La crise du Covid-19 a révolutionné l'approche du travail à distance, engendrant un modèle hybride de présence, avec un équilibre souvent établi à deux jours de télétravail et trois jours en bureau. Qui aurait cru que cette méthode pourrait être aussi efficace ? Une étude de l'Insee, parue ce mardi, révèle que le télétravail a généré une amélioration « modeste mais réelle » de la productivité dans les entreprises l'ayant adopté après la pandémie.
Selon ce rapport, réalisé en collaboration avec le ministère du Travail (DARES), une augmentation de 10% des télétravailleurs a engendré un accroissement de 0,7 à 1% de la productivité entre 2019 et 2022. Pour parvenir à ces chiffres, les chercheurs ont analysé les pratiques de 6 600 entreprises en dehors du secteur immobilier sur cette période incluant les effets du Covid-19.
Une tendance bien établie
La pandémie a accéléré considérablement l'adoption du télétravail, et en 2024, 22 % des employés du secteur privé télétravailleront au moins une fois par mois, un bond significatif comparé aux 4 % antérieurs à 2019. Ce changement a été particulièrement bénéfique pour les entreprises qui, avant 2019, louaient des espaces de bureau distincts de leurs lieux de production, ce qui a entraîné une réduction des coûts et une meilleure organisation du travail.
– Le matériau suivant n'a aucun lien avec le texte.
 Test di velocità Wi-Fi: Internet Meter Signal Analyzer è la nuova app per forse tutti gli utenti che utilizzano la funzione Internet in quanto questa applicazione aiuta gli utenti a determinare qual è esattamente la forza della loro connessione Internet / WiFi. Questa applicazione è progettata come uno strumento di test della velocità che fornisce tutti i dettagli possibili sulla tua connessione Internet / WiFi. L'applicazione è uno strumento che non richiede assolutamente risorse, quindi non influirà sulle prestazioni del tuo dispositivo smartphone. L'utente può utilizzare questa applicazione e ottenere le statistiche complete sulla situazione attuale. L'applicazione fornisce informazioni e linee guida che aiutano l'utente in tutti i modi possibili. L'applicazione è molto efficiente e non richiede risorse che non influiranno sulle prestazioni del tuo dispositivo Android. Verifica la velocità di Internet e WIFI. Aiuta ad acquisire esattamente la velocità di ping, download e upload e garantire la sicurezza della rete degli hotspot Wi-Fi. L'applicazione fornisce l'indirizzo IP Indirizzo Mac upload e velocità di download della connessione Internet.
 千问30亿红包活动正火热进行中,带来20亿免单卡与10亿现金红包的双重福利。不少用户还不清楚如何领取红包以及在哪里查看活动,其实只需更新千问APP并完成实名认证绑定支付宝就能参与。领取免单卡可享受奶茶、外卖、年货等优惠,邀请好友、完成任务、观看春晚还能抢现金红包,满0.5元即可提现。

Néanmoins, pour l'ensemble des entreprises en question, la baisse des coûts liés aux surfaces louées explique seulement une petite partie des gains de productivité. Les experts ont noté que la majorité des bénéfices proviennent d'une amélioration des processus de production, d'une coordination renforcée, d'un management optimisé, ainsi que de la réduction des temps de trajets, conférant aux employés une plus grande autonomie et un cadre de travail tranquillisant.
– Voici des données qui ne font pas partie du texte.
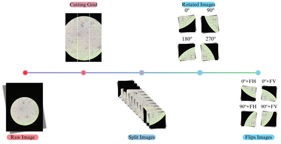 To enhance the generalizability of the model for identifying microparasites in microscopy images, several image processing techniques were employed, as shown in Figure 3. As discussed by Zhao et al. [20], rotations were applied at angles of 90°, 180°, and 270°. Additionally, horizontal and vertical flips were employed on the original images and at 90° clockwise, as demonstrated in the works of Bydder et al. [35], Zendehdel et al. [22], and Ghose et al. [36], thus avoiding redundancies. These transformations provided increased diversity in the dataset because, after subdividing the original images, each subunit resulted in eight new unique images. This helped the model recognize patterns in multiple orientations and reflections, thereby improving its robustness and accuracy in detecting these genera in various scenarios.
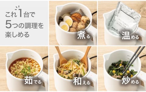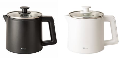 湯沸かしからレトルト食品の温め、鍋などの煮物料理に活用できる電気調理器具。従来品「1台3役の電気ケトルポット」の進化版として登場し、本体内側にコーティングを施したことで、炒める/和える調理も可能に。出力は「強(600W)/弱(300W)」の2段階に切り替えられる。
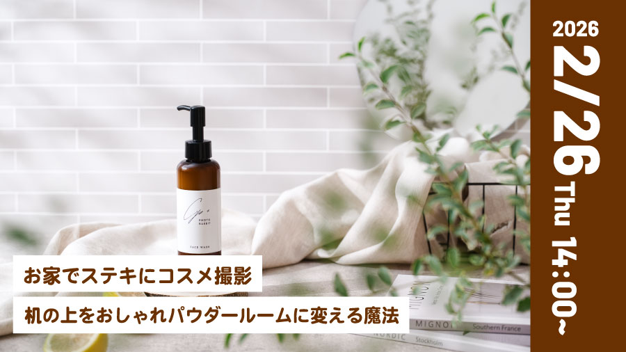 | 内容 | 広くておしゃれなお家じゃなくても大丈夫!手に入りやすいプロップスを使って、コスメスタイリングフォトのコツを解説します。前半は、座学形式で過去撮影例の解説、後半ではFACE WASHを被写体に実際の撮影風景をご覧いただきます。※2/26、3/1両日とも前半座学の内容は同じですが、後半撮影のスタイリングは異なります。 |

Cependant, l'étude met en garde : « la relation positive entre la proportion de télétravailleurs et la productivité est majoritairement observée lorsque cette proportion reste modérée ». Si celle-ci dépasse les 20 % à 25 % des effectifs, les gains deviennent « statistiquement non significatifs ».
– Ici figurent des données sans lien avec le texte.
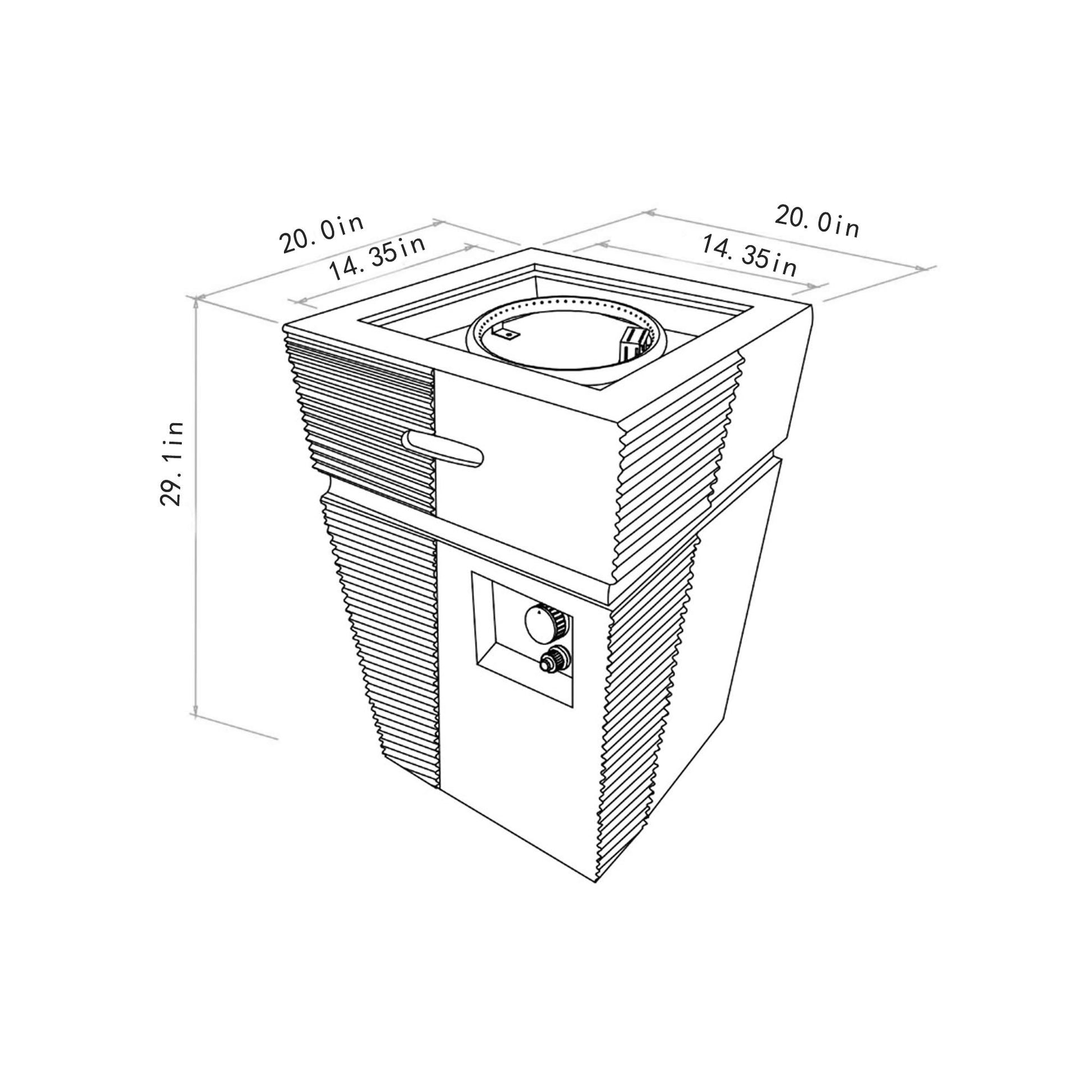 20" Propane Gas Fire Pit Table, 50000 Btu Square Concrete Fire Pit For Outside Patio Deck Garden Backyard - Light Gray Blue

Les limites d'une tendance
Cet équilibre délicat peut être en partie attribué à des « coûts de coordination accrus » qui surgissent lorsque trop d'employés travaillent à distance. Les chercheurs signalent que ce seuil de 20-25 % correspond à la proportion moyenne de télétravailleurs observée dans le secteur privé post-pandémie. En revanche, ils notent qu'à caractéristiques comparables, la relation entre télétravail et gains de productivité se maintient, quelle que soit la taille de l'entreprise.